Tag Archive for: non-fiction

The Power of Non-Fiction

Chris Lloyd newspaper imageENGLAND, WE HAVE A PROBLEM. According to the latest Organisation for Economic Cooperation and Development (OECD) education report our young adults have amongst the lowest literacy rates of any country in the modern industrialised world. England came 22nd out the 24 countries surveyed.

What is going on? It seems that for at least a generation all significant attempts by government and educationalists to nurture a love of reading amongst younger people appear to have failed.

Recently I was asked to speak at the Federation of Children’s Books Groups annual conference, at Bradfield College near Reading. It is an august organisation dedicated to instilling a love of reading in young people. The gathering, now in its twentieth year, was packed with teachers, book lovers and educationalists.

‘How wonderfully refreshing to have a non-fiction author speaking’ said one delegate after I had given my 60 minutes romp through the history of the world, with a giant Wallbook timeline as a backdrop.

Why, I wondered, should being a ‘non fiction’ author be such a big deal?
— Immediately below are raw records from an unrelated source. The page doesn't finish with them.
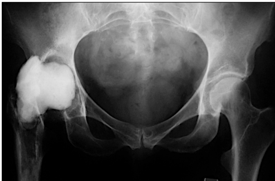
Εικόνα 3. Ακτινολογική εικόνα ισχίου με τοποθετημένο ορθοπαιδικό τσιμέντο εμπλουτισμένο με αντιβιοτικά.

Ιδιαίτερη σημασία έχει η επιλογή της κατάλληλης μεθόδου κατά περίπτωση ασθενούς, γιατί τότε οι πιθανότητες ριζικής εκρίζωσης της λοίμωξης ανέρχεται στο 80% περίπου. Στις περιπτώσεις που επιλέγεται παρηγορική θεραπεία, οι επιλογές είναι η αφαίρεση της προθέσεως χωρίς αντικατάσταση ή η μακρά, πιθανόν δια βίου κατασταλτική αντιμικροβιακή θεραπεία με ή χωρίς επέμβαση.
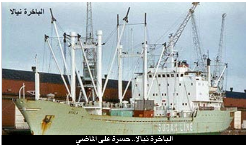
الباحرة نيالا.. حسرة على الماضي

- تحقيق صحفي غير مسبوق يتتبع ملامح أفول التراث الشعبي بالولاية الشمالية، لا بوصفه حنينا رومانسيا للماضي، بل باعتباره سؤالاً جوهريا عن الهوية والذاكرة والقطيعة بين الأجيال. - ماذا يحدث حين تنسحب الذاكرة من الحياة اليومية بلا ضجيج؟ - هنا لا يموت التراث فجأة، بل يذبل ببطء كما تذبل نخلة تركت بلا ماء. - اليوم يقر كثير من كبار السن بانهم آخر الحراس لذاكرة تتآكل.
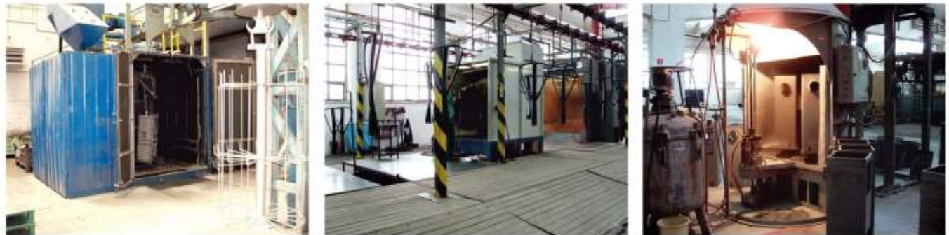
Pískování povrchu, galvanické pokovování a smaltování
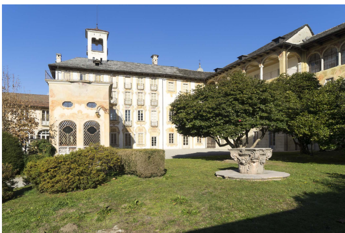
Villa Nigra a Miasino

Affacciata su piazza Beltrami del comune di Miasino da un lato e sulla strada principale dall'altro, Villa Nigra è uno dei monumenti di maggior rilievo del comune cusiano. Si tratta di uno splendido esempio di residenza aristocratica di campagna: fra le più significative della zona, non a caso attirò l'attenzione di Carlo Nigra, che ne seguì i restauri.
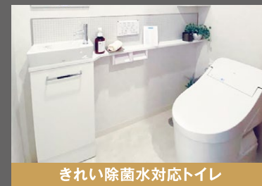
きれい除菌水対応トイレ
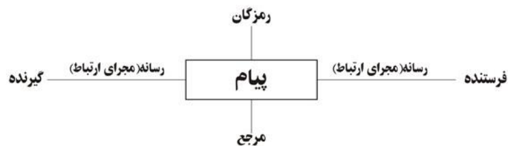
نمودار شمارهٔ ۱

خودارجاعی یکی از مؤلفه‌های ساختاری شعر است. نظریهٔ معروف یاکوبسن، با عنوان نظریهٔ ارتباطی زبان، از شش عامل اصلی در انتقال پیام و ایجاد ارتباط سخن می‌گوید. آن شش عامل عبارتند از فرستنده (گوینده)، گیرنده (مخاطب)، رمزگان (رمزهایی که از طریق آنها پیام رمزگذاری و سپس توسط مخاطب رمزگشایی می‌شود، همچون کلمات، لحن، نشانه‌ها و غیره)، مرجع (یا موضوع و زمینهٔ کلام)، رسانه یا مجرای ارتباطی (صدا، تصویر و غیره) و پیام، که مؤلفهٔ مرکزی یا اصلی است (نمودار شمارهٔ ۱) (یاکوبسن، ۱۳۹۷: ۷۷). (۶)
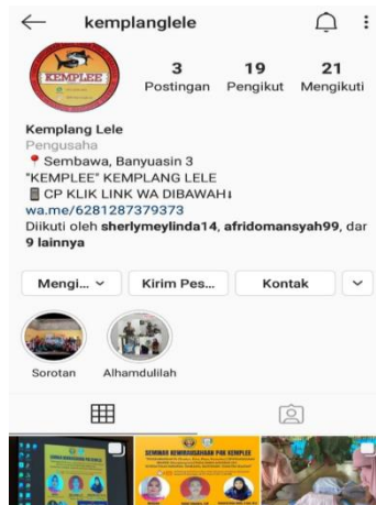
Gambar 8. Media Sosial Kemplang Lele

Pembuatan akun media sosial khusus dibuat untuk membantu agar Kemplang Lele lebih dikenal oleh khalayak. Pembuatan akun media sosial Instagram @kemplanglele ini dibuat oleh mahasiswa STISIPOL Candradimuka atas nama Rio Setiawan dan dikelola sebagai admin oleh Ramlan. Kemudian diserahkan email dan password kepada pihak UMKM Anugerah Lele berbarengan dengan pelaksanaan seminar kewirausahaan. Pemilihan Instagram ketimbang media sosial yang lain karena secara persentase saat ini generasi millennial lebih banyak menggunakan Instagram.
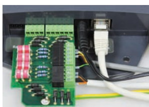
Scaricatore di sovratensione montato
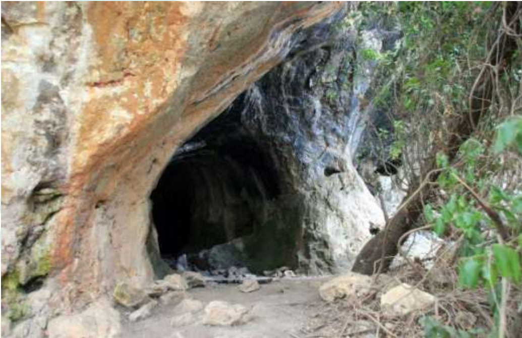
مدخل مغارة النمرية
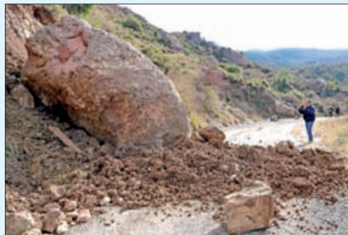
Moment en què la pedra va caure a la carretera
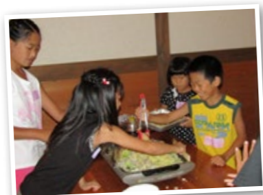
▲協力して焼きそばを作る子どもたち

食後は、子どもたちが待ちに待った工作タイム。「物かけフック」や「ビー玉転がし」を作ります。
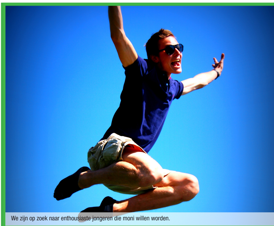
We zijn op zoek naar enthousiaste jongeren die moni willen worden.

Benieuwd naar de activiteiten? Kijk dan op www.anzegem.be/tieners .
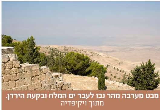
מבט מערבה מהר נבו לעבר ים המלח ובקעת הירדן. מתוך ויקיפדיה

"ותרא האשה כי טוב העץ למאכל וכי תאנה-הוא לעינים, ונחמד העץ להשכיל, ותקח מפריו, ותאכל; ותתן גם-לאישה עמה, ויאכל. ותפקחנה, עיני שניהם, וידעו, כי עירמם הם; ויתפרו עליה תאנה, ויעשו להם חגרת". (בראשית ג',

In my world stories about the real world are so much more amazing than any number of fantasies you can dream up in your mind. If you love truly amazing stories then non-fiction’s the place for you…. Most children I speak to seem to agree.

Facts, how things work, encyclopaedias, maps, explorers, books about nature, superheroes and villains from the past – in my experience this is the stuff that really sets off fireworks in many young brains. World records, bloody wars, space travel, Titanic….. to many youngsters these stories are no less incredible than Harry Potter or Spiderman.

As adults we forget that to the young mind reality is often far more magical than fiction. It’s only as we grow older that social conventions condition us into thinking that the world around us is ‘normal’ – far from it!

Take the birth of a child – it is a stunningly extraordinary occurrence. To any rational mind, the self-assembling mechanics of foetal embryological development utterly defy ordinary comprehension. And just because a new baby is born on average 370,000 times worldwide every day doesn’t make it ‘ordinary’. Frequency should never undermine wonder. In fact, to a curious young mind the more often something amazing happens, the more extraordinary it is!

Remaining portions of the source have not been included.